I don’t give anything and I don’t owe anything; if it rains at night I cook and eat the big snails slithering down the banks in the morning; the earth in the woods is scattered with soft, damp toadstools. The woods give me everything else I need: sticks and pine cones to burn, and chestnuts; and I snare hares and thrushes, too, for don’t think I love wild animals or have an idyllic adoration of nature—one of man’s absurd hypocrisies. I know that in this world we must devour one another and that the survival of the fittest holds; I kill only the animals I want to eat, with traps, not with guns, so as not to need dogs or other men to fetch them.

Sometimes I meet men in the woods, if I’m not warned in time by the dull thuds of their axes cutting down trees one by one. I pretend not to see them. On Sundays the poor come to gather fuel in the woods, which they strip like the speckled heads of aloes; the trunks are hauled away on ropes and form rough tracks, which gather the rain during storms and provoke landfalls. May everything go to similar ruin in the cities of the human race; may I, as I walk along one day, see chimney tops emerging from the earth, meet parts of streets falling off into ravines, and stumble on strips of railroad track in the middle of the forest.

But you must wonder if I don’t ever feel this solitude of mine weighing on me, if some evening, one of those long twilights, I haven’t gone down, without any definite idea in my head, toward the houses of the human race. I did go, one warm twilight, toward those walls surrounding the gardens below, and climbed down over the medlar trees; but when I heard women laughing and a distant child calling, back I came up here. That was the last time; now I’m up here alone. Well, I get frightened of making a mistake every now and again, as you do. And so, like you, I go on as I was before.
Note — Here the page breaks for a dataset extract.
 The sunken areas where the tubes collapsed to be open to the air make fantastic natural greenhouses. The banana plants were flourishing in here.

You’re afraid of me, of course, and you’re right. Not because of that affair, though. That, whether it ever happened or not, was so many years ago it doesn’t matter now, anyway.
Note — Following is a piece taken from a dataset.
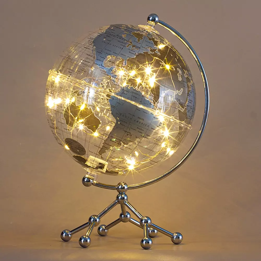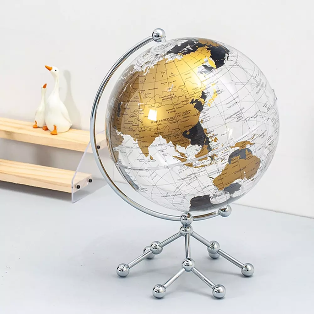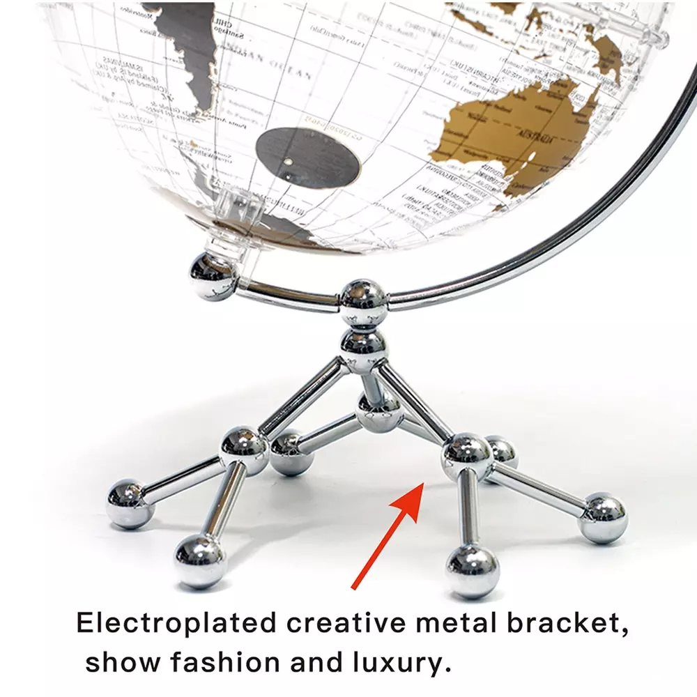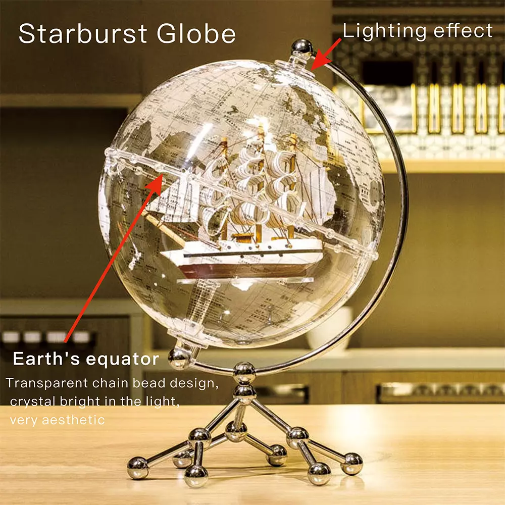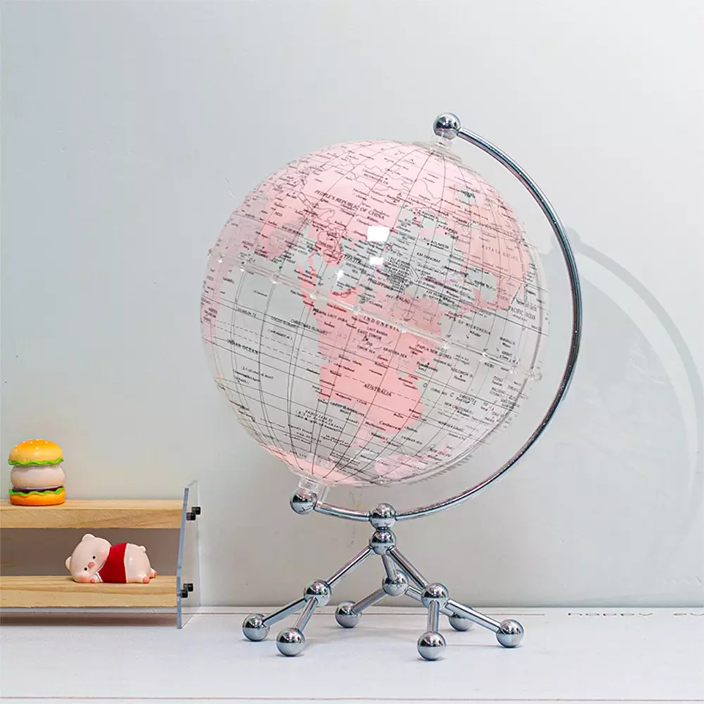 This clear acrylic globe is unique in that it has an ornate sailboat ornament built into the center of the sphere, as if it were sailing freely on the vast ocean. The transparent acrylic sphere reveals a detailed earth pattern that clearly depicts the boundaries of land and sea, presenting a colorful map of the world. In the center of the sphere, an exquisite sailboat is presented in lifelike detail, with white sails fluttering as if ready to break the wind and waves and move forward. This unique design not only adds a fun and decorative touch to the globe but also signifies a call to the spirit of exploration and adventure, inspiring a sense of aspiration and a passion for inquiry. Whether it is placed in a study, office, or living room, it can be an eye-catching focal point, adding a unique charm and inspiration to the space.

That woman, that dark woman who came up here to scythe —I had only been up here a short time then and was still full of human emotions—well, I saw her working high on the slope and she hailed me and I didn’t reply and passed by. Yes, I was still full of human emotions then, and of an old resentment, too; and because of that old resentment—not against her, I don’t even remember her face—I went up behind her without her hearing me.
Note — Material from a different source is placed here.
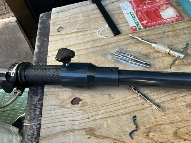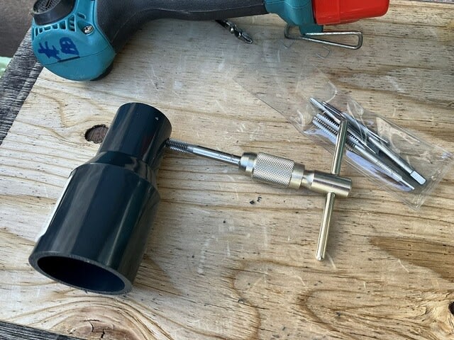 HI-VPパイプの40-20異径ソケットにタップでネジを切って、

Now, the tale as people tell it is obviously false, for it was late and there wasn’t a soul in the valley and when I put my hands around her throat no one heard her. But I would have to tell you my story from the beginning for you to understand.

Ah, well, let’s not mention that evening any more. Here I live, sharing my lettuce with snails that perforate the leaves, and I know all the places where toadstools grow and can tell the good ones from the poisonous; about women and their poisons I don’t think any more. Being chaste is nothing but a habit, after all.

She was the last one, that dark woman with the scythe. The sky was full of clouds, I remember, dark clouds scudding along. It must have been under a hurrying sky like that, on slopes cropped by goats, that the first human marriage took place. In contact between human beings there can only, I know, be mutual terror and shame. That’s what I wanted, to see the terror and shame, just the terror and shame, in her eyes; that’s the only reason I did it to her, believe me.

No one has said a word about it to me, ever; there isn’t a word they can say, since the valley was deserted that evening. But every night, when the hills are lost in the dark and I can’t follow the meaning of an old book by the light of the lantern, and I sense the town with its human beings and its lights and music down below, I feel the voices of you all accusing me.

But there was no one to see me there in the valley; they say those things because the woman never returned home.

And if dogs passing by always stop to sniff at a certain spot, and bay and scratch the ground with their paws, it’s because there’s an old moles’ lair there—I swear it, just an old moles’ lair.